Fortunately, we at Golden Words have you covered (we recommend some additional coverage from the SHRC), with our How-To. Without further ado (what the fuck does that even mean?) 

Step 1: Get Written Up
You’re already thinking, this is a bad idea. That’s why you’ll never sleep with your don. Getting written up is the way you show your don you’re not some chump who’s going to roll over and starfish. Establish yourself as a badass, maybe smoke weed with the door open, and when written up say it was to avoid hotboxing your innocent roommate. Be super nice the whole time you’re getting written up, but also make sure you’re giving an “I don’t care about the rules, I’m humouring you” attitude. Your don will start to think of you as a nice person who likes to live on the dangerous side. 

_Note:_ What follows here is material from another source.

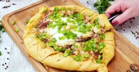 - ფრთხილად შეახვიეთ ცომი. დარწმუნდით, რომ მასში ხვრელები არ დარჩა - სოუსის გამოდინების ასარიდებლად. დაამრგვალეთ და გაახვიეთ ფქვილში.
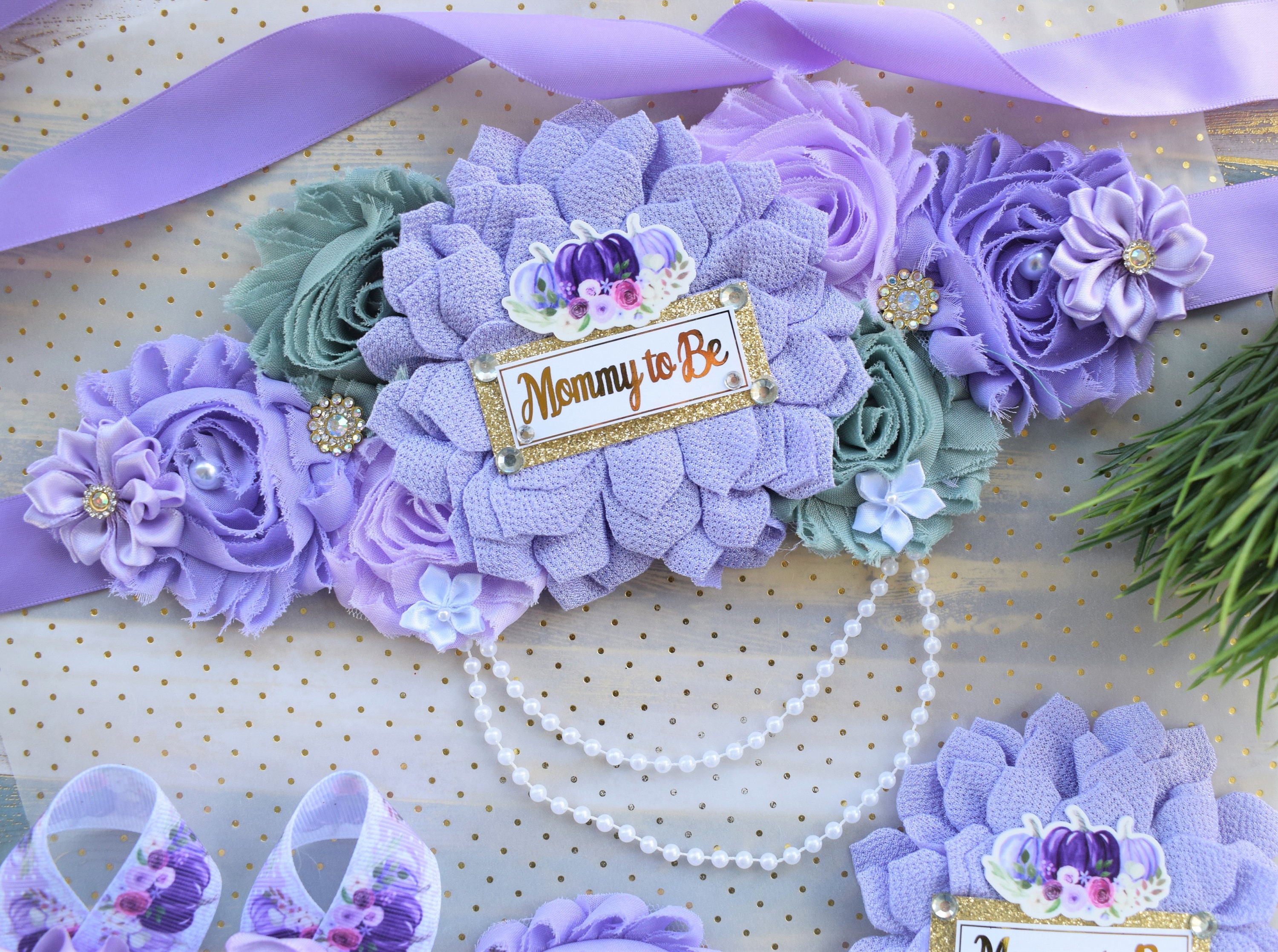 * Maternity Sash: It has eleven beautiful flowers in Lavender, Sage & Gold colors embellished with rhinestones and pearls. The ribbon sash is 80'' (2 meters) long.

Step 2: Seduce and Reject a Floormate
Your don knows about the floorcest, they’re not stupid. So if your don has to comfort one of your floormates because you turned them down, they’ll know you’re an aloof but desirable individual. This will raise your level of attractiveness to your don, who may consider seeking to sleep with you to establish dominance over your pathetic floormate. Don’t worry about your floormate, it’s collateral damage and you have to keep your eye on the prize.

Step 3: Be Attractive
Flaunt your glorious body around in a towel – whether or not you have just showered or intend to. If people ask, pass it off as laziness. Take every possible opportunity to take the overlong stares off your don’s ass and into their eyes. Hold it, hold it, then smirk and look back to whatever it was you were doing or your pathetic floormate you were talking to. Soon your don will dream of you.

Step 4: Make the Move
Ask your don if you can talk in private. When your don brings you into their room and shuts the door, look them in the eye. Say, “I can’t stop thinking about you.” If you did your previous homework well, they will say “I can’t stop thinking about you either – but [insert your name here], we can’t – it’s not allowed.” And you’ll recommend that they follow this qr code which leads to a don contract draft clearly stating that romantic interests are strongly discouraged – not prohibited. 

Step 5: Bang Your Don. 
If you don’t know how this step works, we can’t help you. Hopefully you read the whole thing before you started just following the steps. Like what if this had been a trap? It’s lucky for you we’re good people [Editor’s Note: bullshit we’re good people. We’re funny people, the whole point of being funny is so people don’t care that we’re assholes.]